→ TASK OBJECTIVE: Your answer must be the lines from the top of the listing below through the line that holds "先生の出し物のスライム作りや", retyped exactly, with no pictures.

→ INFORMATION SUPPLIED:
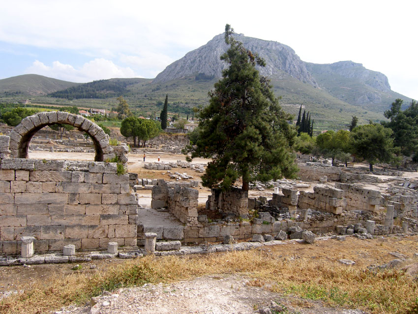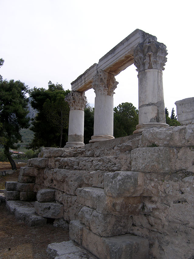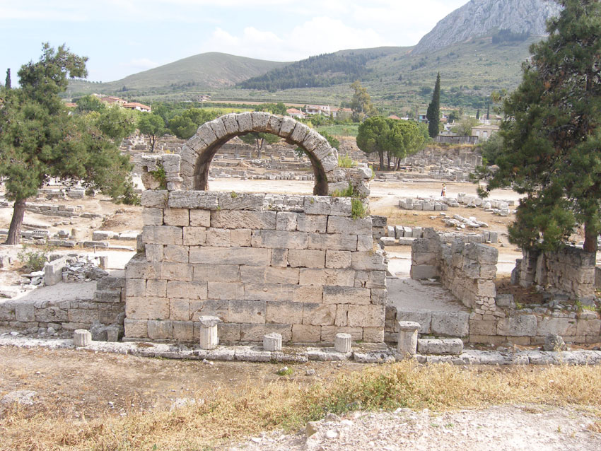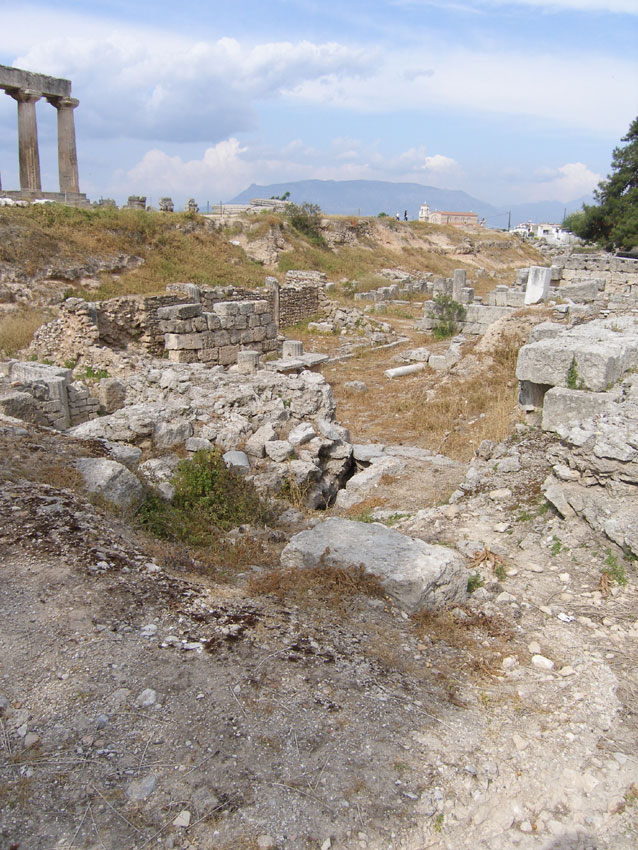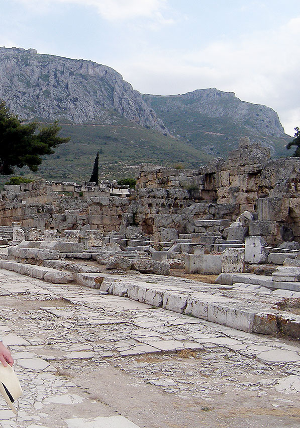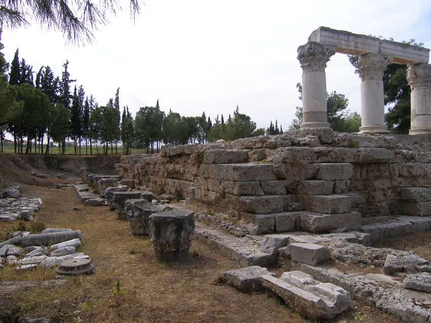La rue de Lechaion c'est une voie dallée de marbre reliait Corinthe au port de Lechaion.
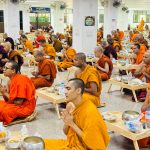 – ถวายภัตตาหารเพล ประกอบด้วย : กระเพาะปลา – ข้าวต้มมัด – น้ำดื่ม – ผลไม้ส้ม
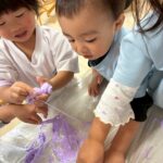 先生の出し物のスライム作りや粘土作りにも興味を示して眺め、楽しんでいましたよ😍触感も味わい、大満足の様子のみんなでした💖ひよこ組さんはすやすや気持ちよさそうに眠っていましたよ😴💓
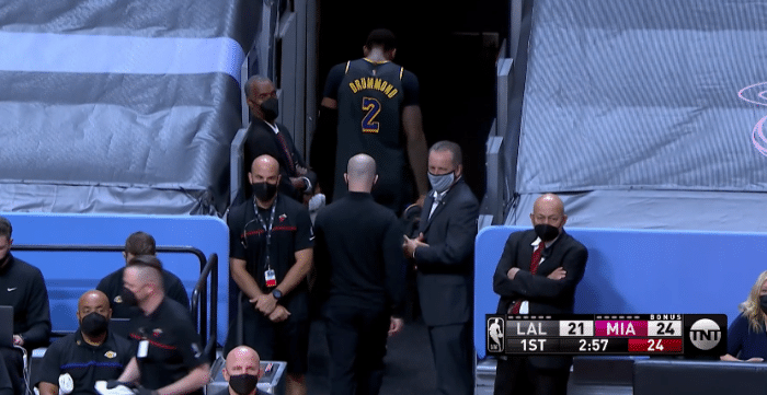 詹眉观战!庄神复出8分钟6+3+3+2,离场回更衣室后重返替补席

→ REPLY TO THE TASK:
La rue de Lechaion c'est une voie dallée de marbre reliait Corinthe au port de Lechaion.
 – ถวายภัตตาหารเพล ประกอบด้วย : กระเพาะปลา – ข้าวต้มมัด – น้ำดื่ม – ผลไม้ส้ม
 先生の出し物のスライム作りや粘土作りにも興味を示して眺め、楽しんでいましたよ😍触感も味わい、大満足の様子のみんなでした💖ひよこ組さんはすやすや気持ちよさそうに眠っていましたよ😴💓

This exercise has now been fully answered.